Exercise instructions:
Pictures in the entries below are excluded; copy only the lines from the one containing "מורחים דבק על" to the one containing "对协作平台提供支持服务,,,支持企业应用", both included.

=== Dataset records ===

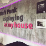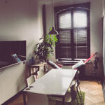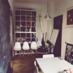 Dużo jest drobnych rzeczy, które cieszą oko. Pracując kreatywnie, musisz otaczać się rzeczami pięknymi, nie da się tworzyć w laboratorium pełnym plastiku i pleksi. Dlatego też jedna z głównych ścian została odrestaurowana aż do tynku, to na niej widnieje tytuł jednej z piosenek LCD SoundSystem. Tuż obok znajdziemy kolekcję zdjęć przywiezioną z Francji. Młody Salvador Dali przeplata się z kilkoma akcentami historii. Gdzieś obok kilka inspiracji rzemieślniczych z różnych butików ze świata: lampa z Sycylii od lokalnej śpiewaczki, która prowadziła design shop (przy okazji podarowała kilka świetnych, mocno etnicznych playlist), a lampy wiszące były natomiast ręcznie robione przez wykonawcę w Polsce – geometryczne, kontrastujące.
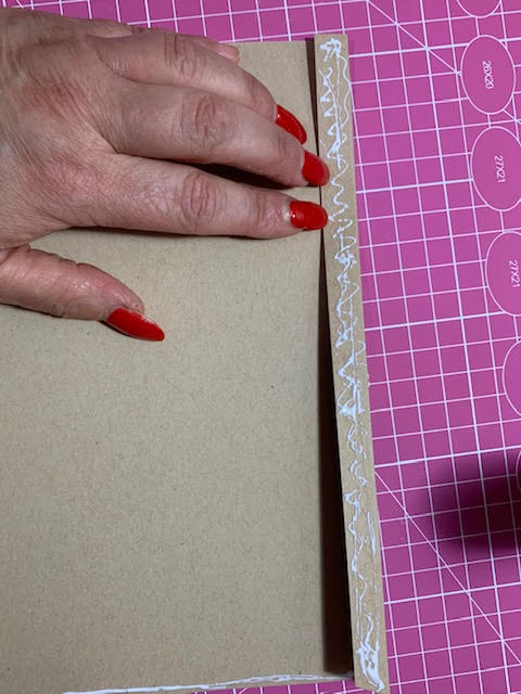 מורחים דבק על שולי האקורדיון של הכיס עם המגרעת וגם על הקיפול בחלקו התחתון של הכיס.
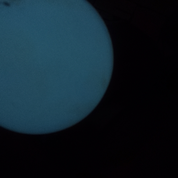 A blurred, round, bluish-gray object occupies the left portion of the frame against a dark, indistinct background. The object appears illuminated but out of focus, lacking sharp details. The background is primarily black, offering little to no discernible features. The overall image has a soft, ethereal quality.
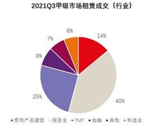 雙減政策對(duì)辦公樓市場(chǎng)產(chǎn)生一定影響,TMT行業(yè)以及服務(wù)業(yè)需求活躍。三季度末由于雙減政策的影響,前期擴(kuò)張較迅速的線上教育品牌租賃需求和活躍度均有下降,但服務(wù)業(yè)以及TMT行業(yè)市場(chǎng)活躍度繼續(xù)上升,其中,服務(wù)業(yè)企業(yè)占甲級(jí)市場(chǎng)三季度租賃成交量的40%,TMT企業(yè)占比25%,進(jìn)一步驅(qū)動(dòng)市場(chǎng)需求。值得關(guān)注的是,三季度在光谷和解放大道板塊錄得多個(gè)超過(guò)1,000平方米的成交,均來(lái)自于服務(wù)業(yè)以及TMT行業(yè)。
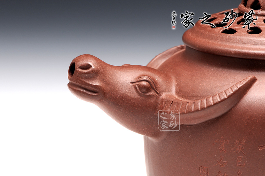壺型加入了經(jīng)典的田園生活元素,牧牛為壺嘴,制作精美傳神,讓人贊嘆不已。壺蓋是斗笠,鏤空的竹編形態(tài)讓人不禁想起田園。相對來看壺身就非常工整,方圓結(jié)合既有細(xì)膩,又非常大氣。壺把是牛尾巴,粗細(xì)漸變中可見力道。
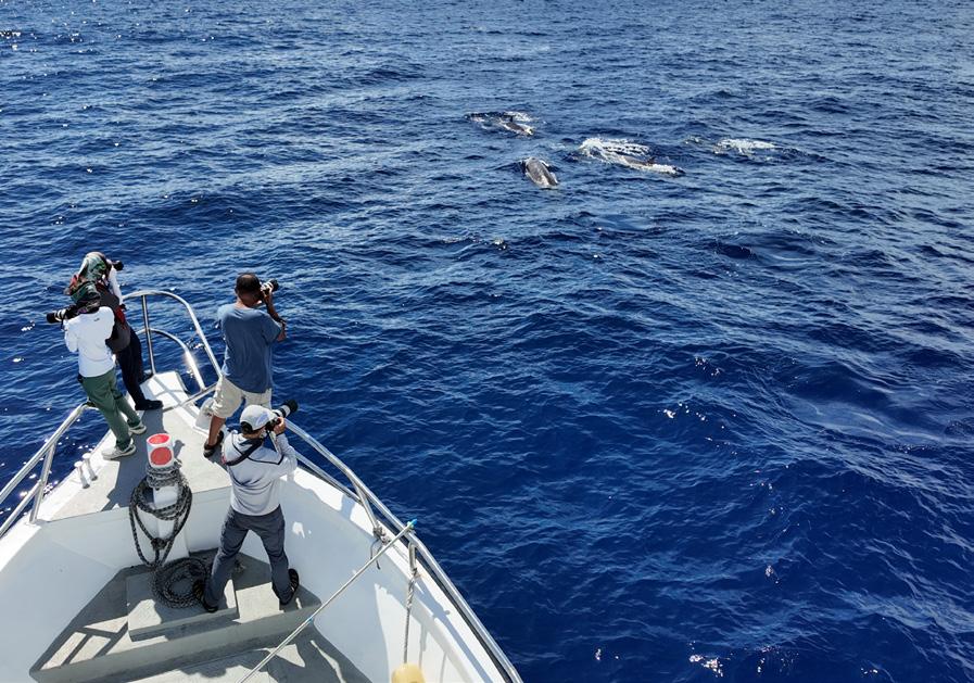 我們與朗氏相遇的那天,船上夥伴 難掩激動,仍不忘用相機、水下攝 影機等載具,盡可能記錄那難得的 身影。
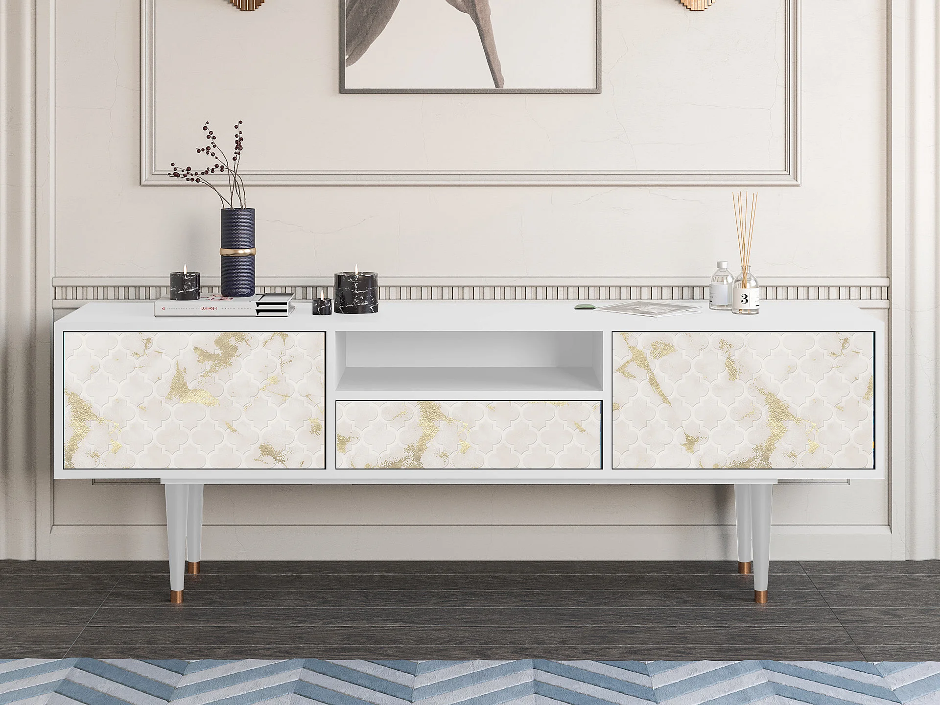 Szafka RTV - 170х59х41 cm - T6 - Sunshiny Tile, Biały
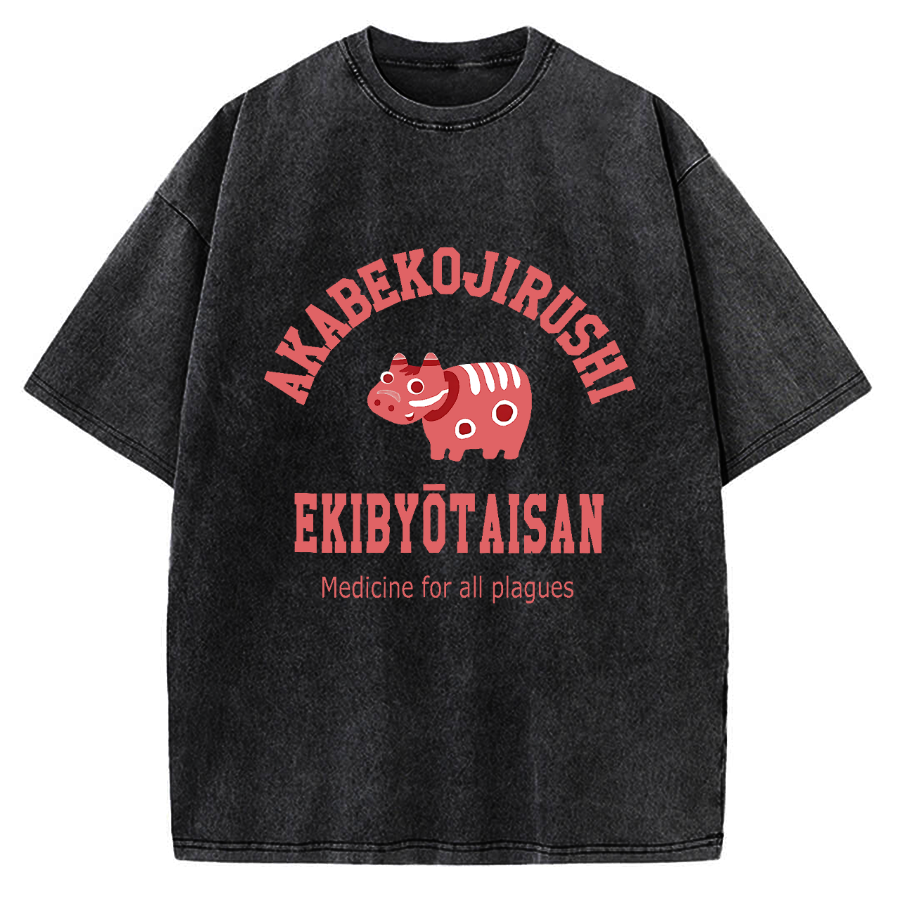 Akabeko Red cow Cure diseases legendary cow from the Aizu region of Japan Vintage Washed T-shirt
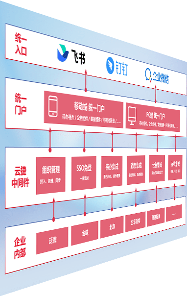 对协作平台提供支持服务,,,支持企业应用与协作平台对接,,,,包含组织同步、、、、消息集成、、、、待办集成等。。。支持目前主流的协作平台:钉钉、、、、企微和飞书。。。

===
=== Dataset records ===

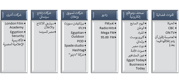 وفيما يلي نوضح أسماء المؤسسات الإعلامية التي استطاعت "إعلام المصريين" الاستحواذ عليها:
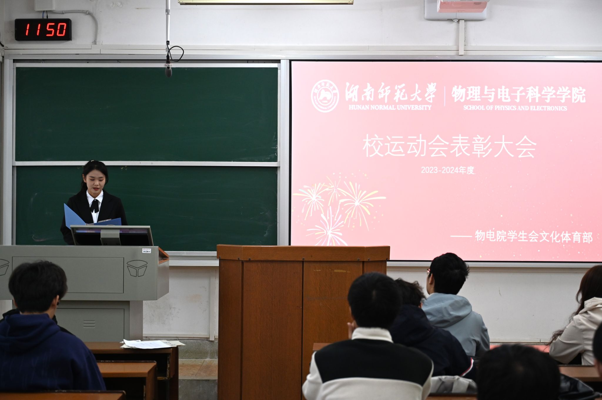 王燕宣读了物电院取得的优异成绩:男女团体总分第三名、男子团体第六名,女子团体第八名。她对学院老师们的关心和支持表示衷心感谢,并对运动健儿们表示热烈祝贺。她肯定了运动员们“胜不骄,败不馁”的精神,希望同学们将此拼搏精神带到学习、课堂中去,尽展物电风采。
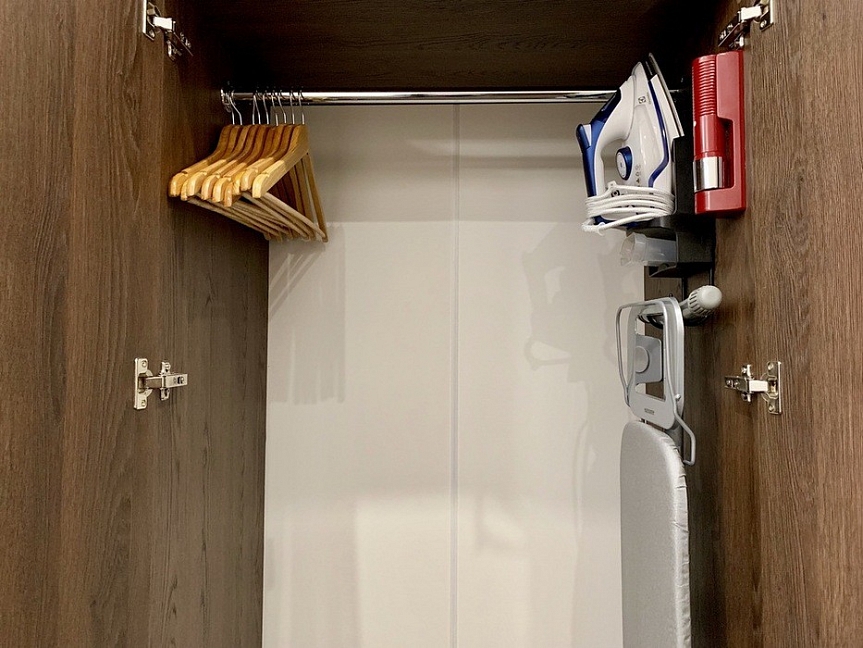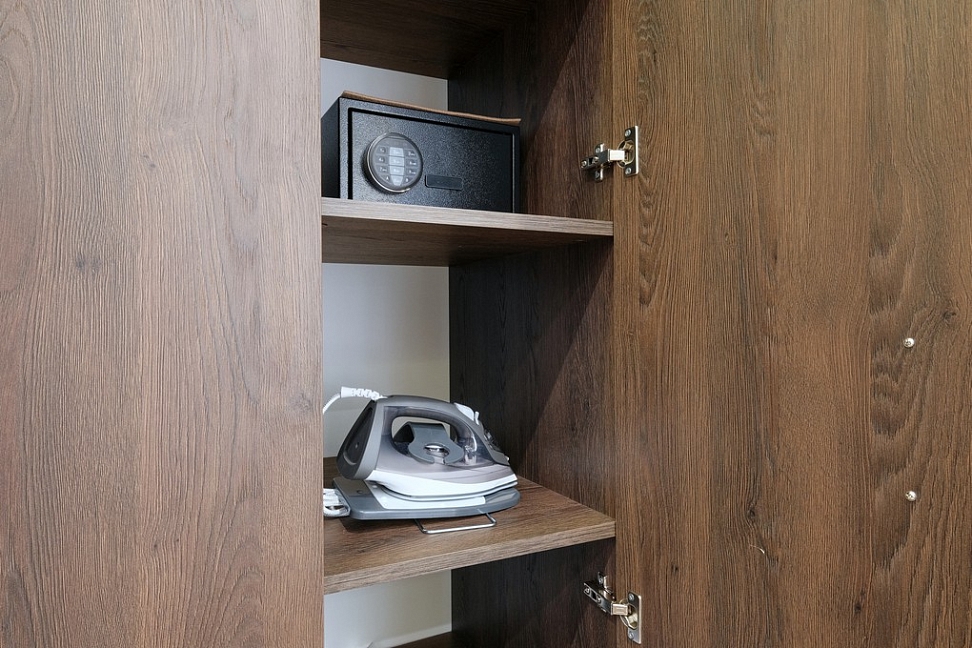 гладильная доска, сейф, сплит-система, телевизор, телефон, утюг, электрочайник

===

Exercise response:
 מורחים דבק על שולי האקורדיון של הכיס עם המגרעת וגם על הקיפול בחלקו התחתון של הכיס.
 A blurred, round, bluish-gray object occupies the left portion of the frame against a dark, indistinct background. The object appears illuminated but out of focus, lacking sharp details. The background is primarily black, offering little to no discernible features. The overall image has a soft, ethereal quality.
 雙減政策對(duì)辦公樓市場(chǎng)產(chǎn)生一定影響,TMT行業(yè)以及服務(wù)業(yè)需求活躍。三季度末由于雙減政策的影響,前期擴(kuò)張較迅速的線上教育品牌租賃需求和活躍度均有下降,但服務(wù)業(yè)以及TMT行業(yè)市場(chǎng)活躍度繼續(xù)上升,其中,服務(wù)業(yè)企業(yè)占甲級(jí)市場(chǎng)三季度租賃成交量的40%,TMT企業(yè)占比25%,進(jìn)一步驅(qū)動(dòng)市場(chǎng)需求。值得關(guān)注的是,三季度在光谷和解放大道板塊錄得多個(gè)超過(guò)1,000平方米的成交,均來(lái)自于服務(wù)業(yè)以及TMT行業(yè)。
壺型加入了經(jīng)典的田園生活元素,牧牛為壺嘴,制作精美傳神,讓人贊嘆不已。壺蓋是斗笠,鏤空的竹編形態(tài)讓人不禁想起田園。相對來看壺身就非常工整,方圓結(jié)合既有細(xì)膩,又非常大氣。壺把是牛尾巴,粗細(xì)漸變中可見力道。
 我們與朗氏相遇的那天,船上夥伴 難掩激動,仍不忘用相機、水下攝 影機等載具,盡可能記錄那難得的 身影。
 Szafka RTV - 170х59х41 cm - T6 - Sunshiny Tile, Biały
 Akabeko Red cow Cure diseases legendary cow from the Aizu region of Japan Vintage Washed T-shirt
 对协作平台提供支持服务,,,支持企业应用与协作平台对接,,,,包含组织同步、、、、消息集成、、、、待办集成等。。。支持目前主流的协作平台:钉钉、、、、企微和飞书。。。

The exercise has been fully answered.